Подумайте: пока строители Суэцкого канала ворочали землю и камни, прокладывая на первый взгляд невозможный путь между Средиземным и Красным морями, бесстрашное растение прокладывало собственный поражающий воображение путь вглубь земли. Они нашли акацию, которая годами пробивалась сквозь те же землю и камни, раз за разом терпела поражение, но в конце концов добилась ошеломительного успеха.

В этом моем воспоминании о 1860-м рабочие поздравляют друг друга и собираются вокруг корня, достаточно длинного, чтобы с ним могли сфотографироваться все желающие. Потом они разрубают его пополам.

6

Ученые заботятся о себе подобных – по мере сил и возможностей. Когда преподаватели заметили искренний энтузиазм, с которым я трудилась в лабораториях, мне посоветовали поступать в аспирантуру. Я подала документы в самые известные университеты. Их согласие означало бы не только бесплатное образование, но и стипендию, которая покроет расходы на аренду жилья и питание на протяжении всего периода обучения. При одной мысли об этом голова начинала кружиться от восторга. По счастью, именно так устроено обучение в аспирантуре для ученых и инженеров: до тех пор, пока цель твоей работы совпадает с целями проекта, финансируемого государством, тебя поддерживают на уровне прожиточного минимума.

Так что на следующий день после того, как Университет Миннесоты выдал мне диплом бакалавра с отличием, я пожертвовала всю свою зимнюю одежду филиалу Армии спасения на Лейк-стрит, свернула на Гайавата-авеню, доехала до Международного аэропорта Миннеаполиса, села там в самолет и улетела в Сан-Франциско. А оказавшись в Беркли, не столько познакомилась с Биллом, сколько узнала его.

Летом 1994-го мне пришлось отправиться в почти бесконечную полевую экспедицию по Центральной Калифорнийской долине, где я выступала в роли помощника инструктора для студентов-магистрантов. Обычный человек вряд ли будет разглядывать грязь дольше тех двадцати секунд, которые необходимы на поиск упавшей в нее вещи, – но эти ребята обычными не были. День за днем на протяжении без малого шести недель они выкапывали в земле пять – семь ям и часами медитировали над ними, после чего снимались с лагеря и повторяли ту же процедуру уже на новом месте. Любая мелкая особенность любой такой ямы подлежала классификации и систематизации; в итоге студенты должны были научиться регистрировать малейшие трещинки, образованные корнями каждого из растений, – причем использовать для этого соответствующие рубрики каталога Службы охраны природных ресурсов.

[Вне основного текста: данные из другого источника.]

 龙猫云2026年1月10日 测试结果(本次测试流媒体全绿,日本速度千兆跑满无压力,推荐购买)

В процессе работы участникам экспедиции надлежало опираться на определитель почв США «Ключи к таксономии почв» – справочник объемом шестьсот страниц, напоминающий маленькую телефонную книгу, но и вполовину не столь интересный. Где-то там, в городе Уичито (думаю, он подойдет), Совет государственных агрономов ежегодно собирается, чтобы предложить новые толкования «Ключей» и заново утвердить их, как если бы это был священный арамейский текст. Во вступлении к изданию 1997 года есть невероятно трогательный пассаж о непревзойденных научных достижениях Международного комитета по изучению низкоактивных глин, из-за которых и возникла необходимость переиздания. Однако этот том, подчеркивалось далее, предназначен только для экстренных случаев, поскольку Международный комитет по водонасыщенным почвам вот-вот представит результаты собственных исследований и до 1999 года выйдет еще одна, обновленная версия. Впрочем, в 1994-м мы по-прежнему пользовались изданием «Ключей» от 1983-го – наивные дети, даже не подозревающие, какие сенсации готовит для нас Международный комитет агромелиорации.

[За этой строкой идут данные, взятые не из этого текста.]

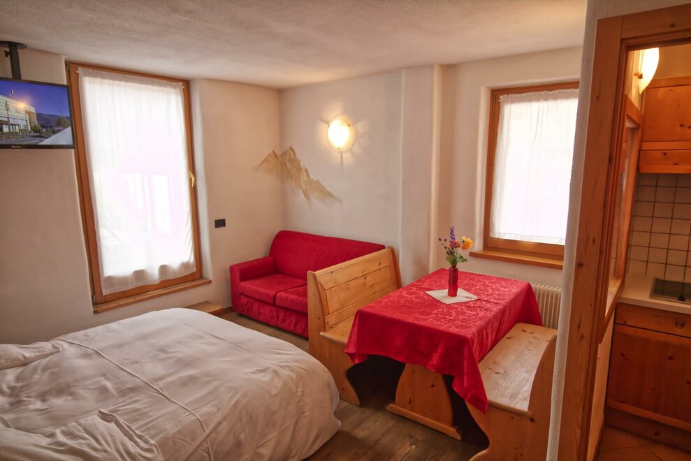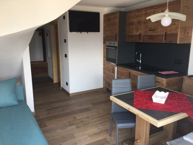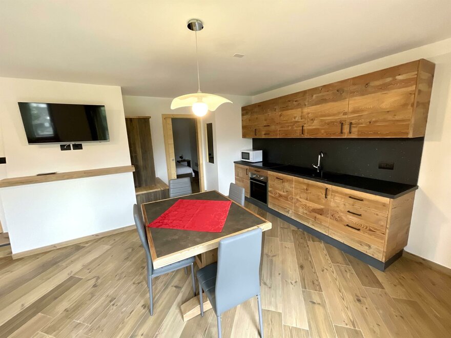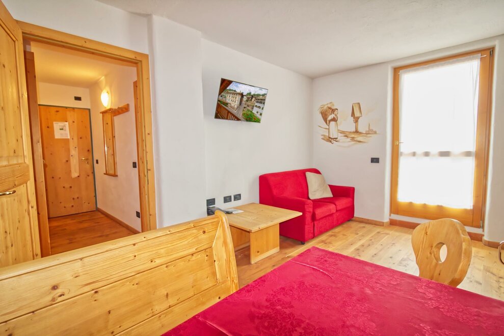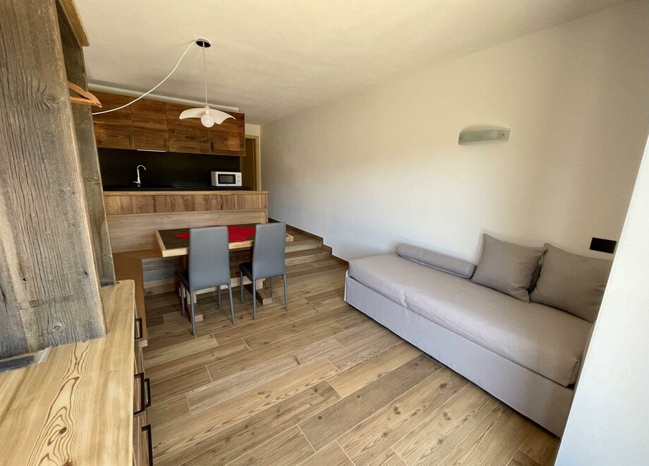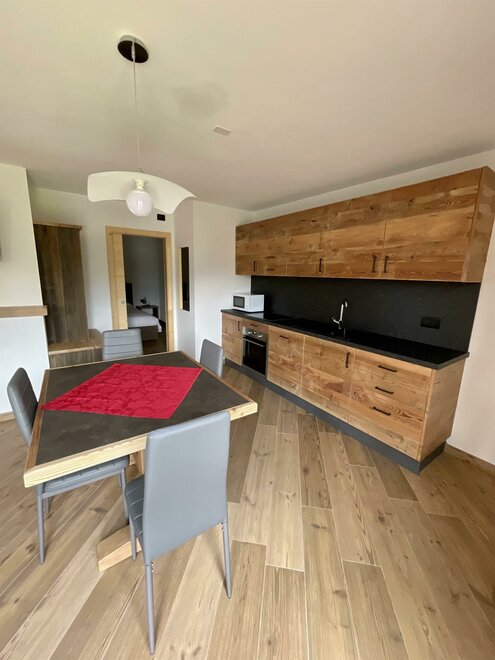 Byt s terasou v prvním/přízemním patře našeho domu Fabiolin, zrekonstruovaného v roce 2022, se nachází v slunečné a klidné oblasti s výhledem na údolí hor Catena del Lagorai, je velmi dobře zařízený a disponuje manželskou ložnicí, kuchyní/obývacím pokojem s rozkládací pohovkou, koupelnou se sprchou.

Вместе с десятком студентов мы набивались в яму, которую сами же перед этим и выкопали, и начинали процесс обучения. Программа была составлена так, чтобы впоследствии они могли вступить в тайный мир государственных агрономов, служащих, лесничих заповедников или получить другую прикладную профессию, связанную с землей. Кульминацией наших почвоведческих экзерсисов было выявление «наиболее эффективных форм использования», под которыми подразумевалось возведение «жилого объекта», «коммерческого объекта» или «объекта инфраструктуры», – а студенты должны были его обосновать. К четвертой неделе такой жизни даже выгребная яма начинает казаться шикарным местом по сравнению с тем, куда ты уже успел засунуть голову, а единственным спасением видится залить весь ландшафт асфальтом и превратить его в бесконечную парковку. Возможно, некоторые участки Соединенных Штатов приобрели свой нынешний облик именно таким путем.

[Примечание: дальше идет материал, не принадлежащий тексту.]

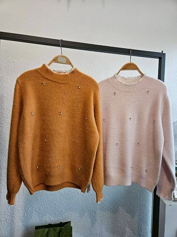 領蕾釘珠鑽針織衣
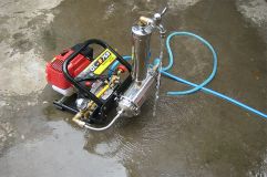 动力系统由汽油机和水泵组成。汽油机为国产4冲程汽油机,它连接水泵组成汽油机水泵组。动力系统最大输出水压0.4~0.5MPa,最大流量为10~15L/min。一次加满汽油后,汽油机使用时间为2小时。
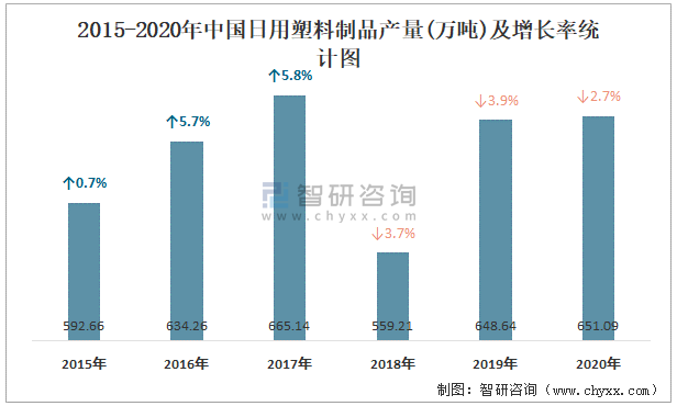 2015-2020年中國日用塑料制品產量及增長率統計圖
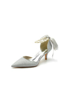 Pointed Toe Glitter Crystal Ribbons Faux Pearl Pumps
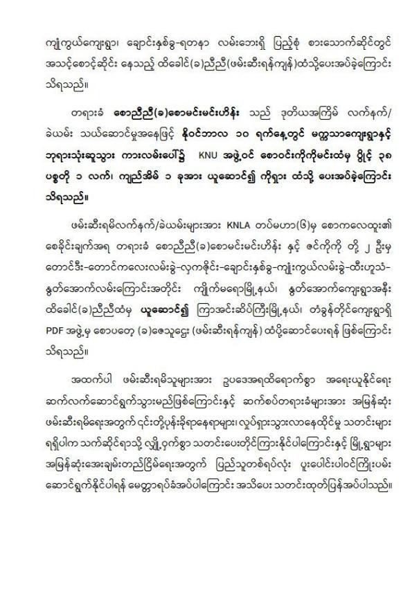 အများပြည်သူသို့ အသိပေးကြေညာချက်
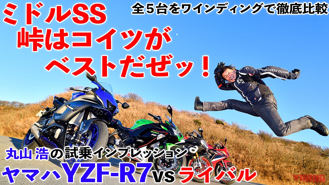 旧レプリカ乗りのオジサマ方、そのウズウズボタンを絶賛連打中のヤマハYZF-R7。前回の試乗でサーキットでの良さは分かった。じゃあ公道、特にオレたちの大好物である「峠」ではどうなのよ……ということで、アプリリアRS660、ホンダCBR650R、カワサキNinja650に+αの1台を加え、総勢5台でワインディング大チェック! 速さ、万能、安楽と、それぞれに特徴を持つライバルに対し、R7の武器っていったい何だ? 丸山浩が包み隠さず語っちゃうよ!
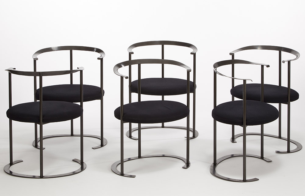 Luigi Caccia Dominioni (1913) Sei poltrone modello "Catilina". Produzione Azucena, Milano dal 1962. Seduta in tessuto nero e struttura in metallo laccato grigio metallizzato (cm 56x45x72) (lievi difetti) Six armchairs model "Catilina". Produced by Azucena, Milan, since 1962. Black fabric lining and grey lacquered metal structure (cm 56x45x72) (minor defects)
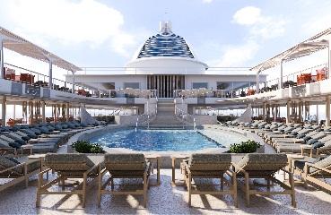 広々としたチーク材のプールデッキには、大きな温水プールと2つのジャグジーがあり、洋上でも最大級の規模を誇ります。プールバーも設けられ、カクテルや軽食を楽しみながら、太陽の光を浴びたり、海風を感じたりと、贅沢なリラックスタイムを満喫できます。卓球台やデッキチェアも完備で、アクティブな楽しみと穏やかな憩いの時間が融合した、思い思いの過ごし方が叶う空間です。
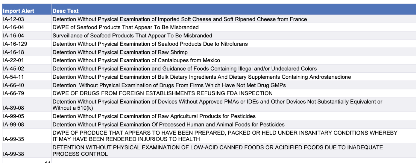 Click on table to enlarge. Click on link above to go to FDA page with links to specific import alerts.

У меня ушло около недели, чтобы заметить: один из наших старшекурсников – парень, похожий на молодого Джонни Кэша и упакованный в джинсы и кожаную куртку даже в сорокаградусную жару, – всегда оказывается в стороне от группы, один на один с собственной ямой. Куратором этого потока был мой научный руководитель; моя же роль помощника сводилась в основном к тому, чтобы перемещаться от ямы к яме, проверять, как идут дела, и отвечать на вопросы практикантов. Изучив список, я пришла к выводу, что студента-одиночку зовут Билл, и рискнула нарушить его уединение:

– Как успехи? Есть ли у вас вопросы?

– Не-а, все в порядке, – отмахнулся он от моей помощи, даже не подняв глаз.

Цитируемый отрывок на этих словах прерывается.